I enjoyed the movement and the plot of the book as well as the twists that never cease to amaze me.

I think that in an effort to please the reader, the author "pumped out" a few novels that we didn't find pleasing. In response to us she has produced this one and I feel that we are seeing the resurrection of a good heroine.

So, I'm not giving up - I'm anxiously awaiting the next novel in the series.

Rating: 1 stars
Summary: Same song, umpteenth verse
Review: Patricia Cornwell used to write really great books, but now she just keeps writing the same one over and over and over... Let's see, we have the betrayal by a co-worker (check), the latest trauma for Lucy (check), the deep angst and depression (check), the persecution by mysterious groups (check), the gruesome killer with a weird agenda (check), and so on.

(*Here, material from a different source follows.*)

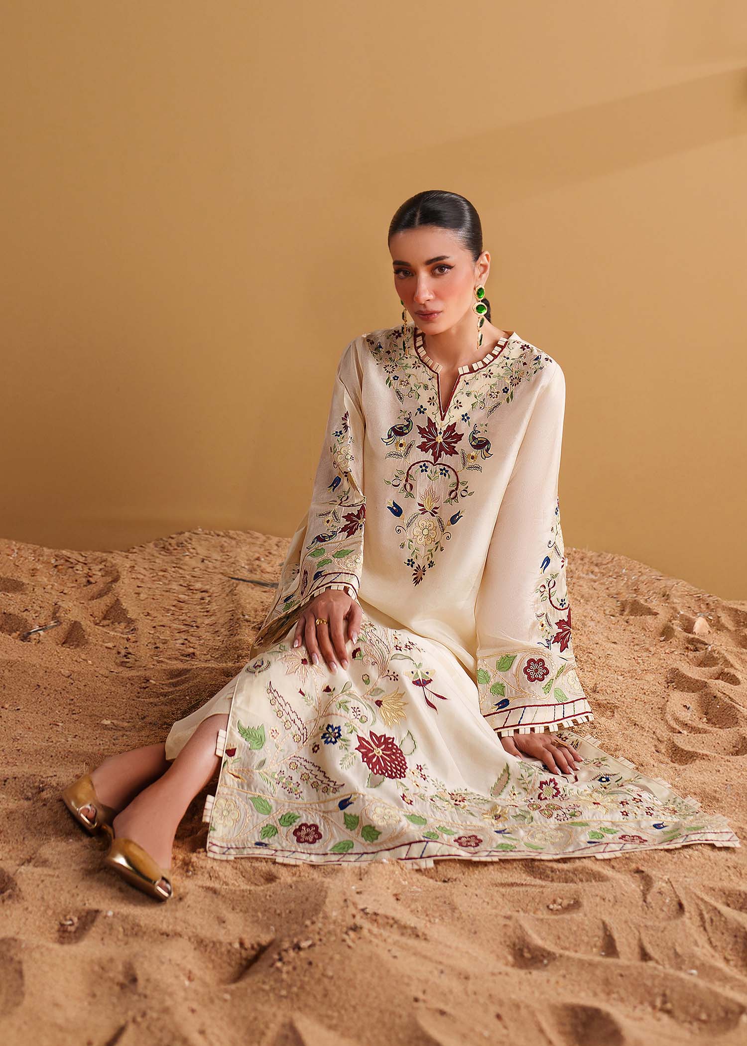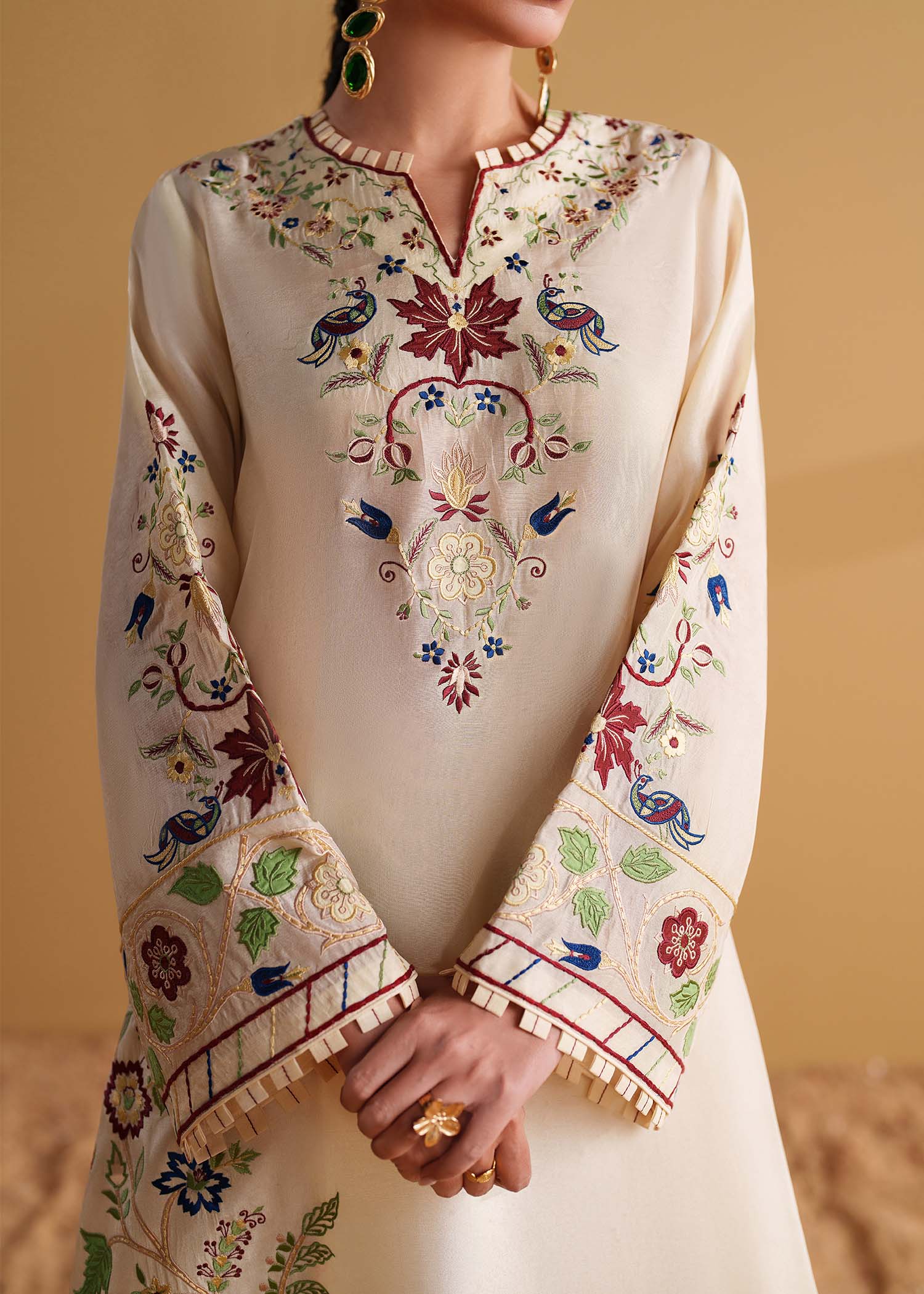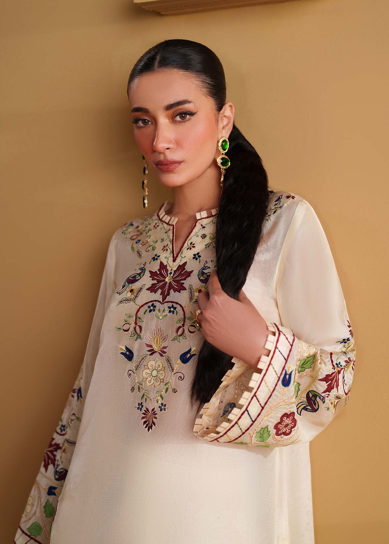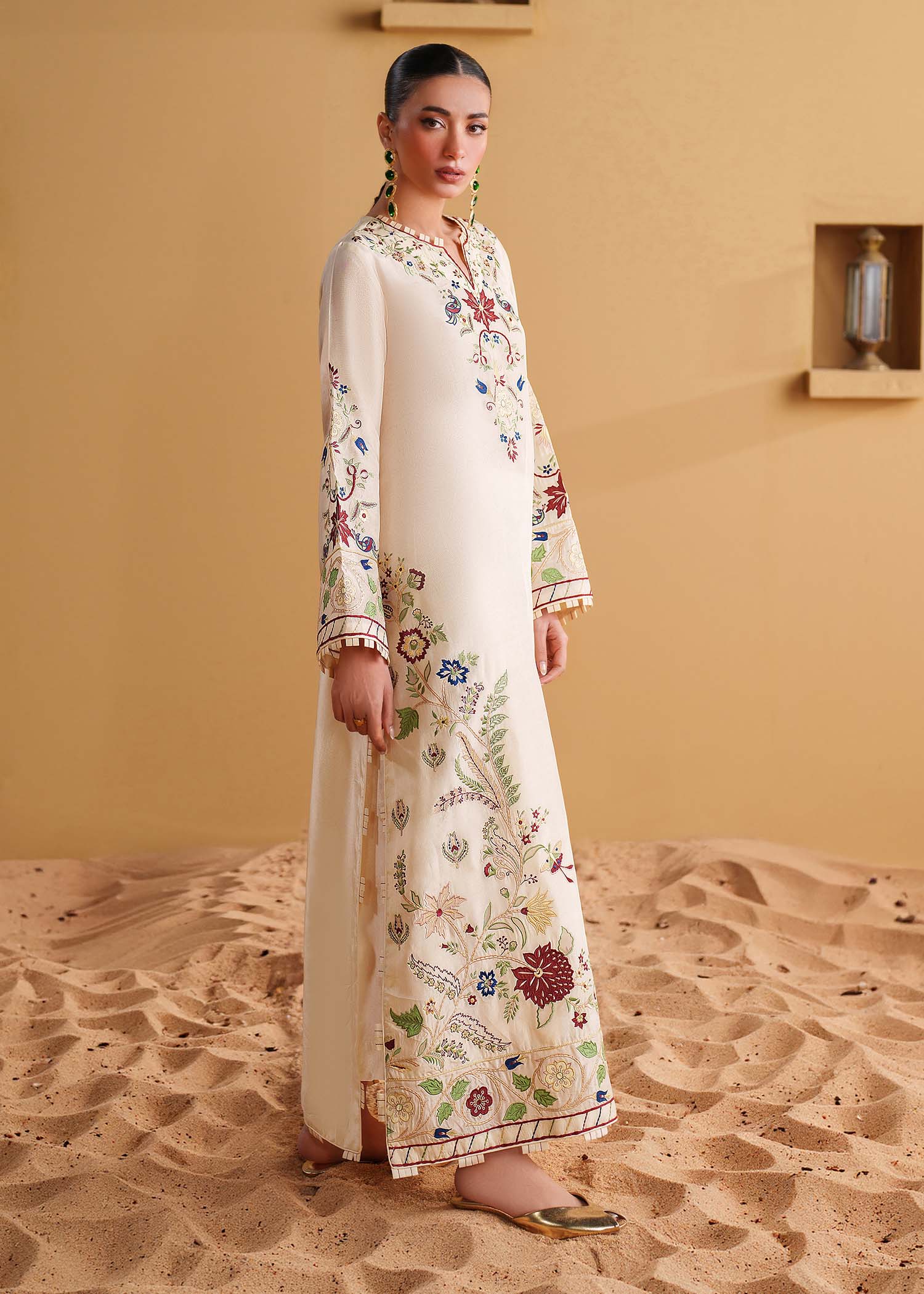 Make a bold statement in our Ivory embroidered kaftan. It is meticulously crafted from luxurious tussel silk adorned with handcrafted accents, applique work and multicolored embroidery, inspired from a botanical garden. This one of a kind piece is a beautiful choice for an evening out.
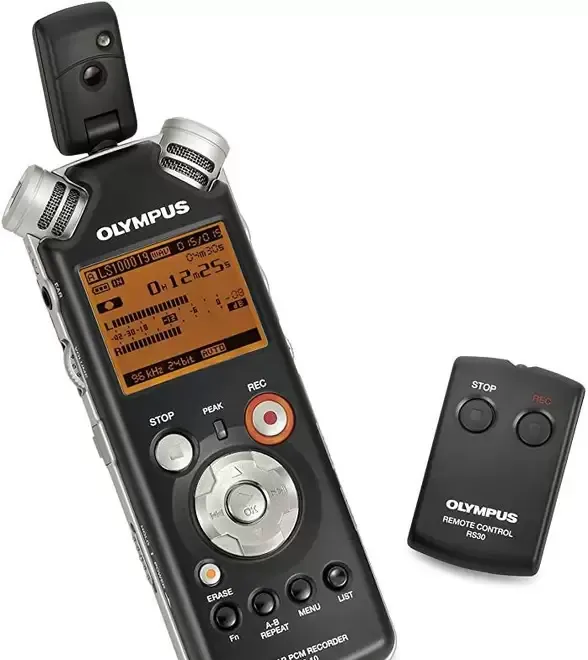 Suporta telecomanda de la distanta tip Olympus RS-30 disponibila optional precum si microfoane externe de sala sau lavaliera dar si intrare de LINE-IN pt mixere audio

Honestly, the paranoia and self-pity are really getting boring. I keep reading the new ones hoping she'll go back to her old form, but I'm just about to give up. It's just too tedious!

Rating: 4 stars
Summary: Not the usual but an unusually good read
Review: I love Kay Scarpetta. She is the epitome of who most women strive to be: strong, empowered and independent. And this book did her more justice than any previously...Cornwell actually gave us some insight into Scarpetta's mind for a change. While I admit the plot was quite convoluted, it was a nice change of pace to get inside of Scarpetta to find out how everything in her life has effected her. I actually found myself more interested in her sessions with Anna at times than in the rest of the plot. Plus, I found the ending dissappointing how neatly it wrapped up. Lucy seems to be turning into a real superwoman, like her aunt. Though Cornwell seems to have written herself into a corner, I can't wait to see how she gets Scarpetta out of it.

Rating: 1 stars
Summary: Let's have some cheese with all the whine
Review: I enjoyed the first few Scarpetta novels-back in the days when Kay Scarpetta was the Ultimate Ice Princess with a Brain who didn't wallow in her own sea of self-pity. Now Kay is nearly unbearable, and now when she reminds us for the umpteenth time how flighty and obnoxious her sister Dorothy is and how she wishes Dorothy wasn't her sister, she fails to realize how obnoxious she herself has become and probably always was. She treated Benton Wesley like dirt when he was alive, now she is still mourning him ad nauseum three books later. I couldn't picture the Kay Scarpetta of Postmortem bonking a 25 year old agent "just because he was there" as she did in Black Notice. And Pete Marino was much more bearable as the gruff but still tender cop in the beginning of the series; now he is just a redneck loudmouth that keeps ruining dinner parties and sticking his foot in his mouth every other sentence. The only character that I still find likeable is Lucy, and I wish Ms. Cornwell would put the others in drydock and give Lucy her own novel. She is a much more intriguing, interesting character than her aunt and Marino. Let's hope the Scarpetta novel due out next year will find Kay doing something entirely different; namely, being over Benton Wesley, stop acting like there is nobody in the world as perfect as herself, and get back to solving crime through medicine without all the bile and recrimination and pity parties. Oh, and transfer Marino to the other side of the state and have Dorothy move next door to Kay. That should liven things up a bit.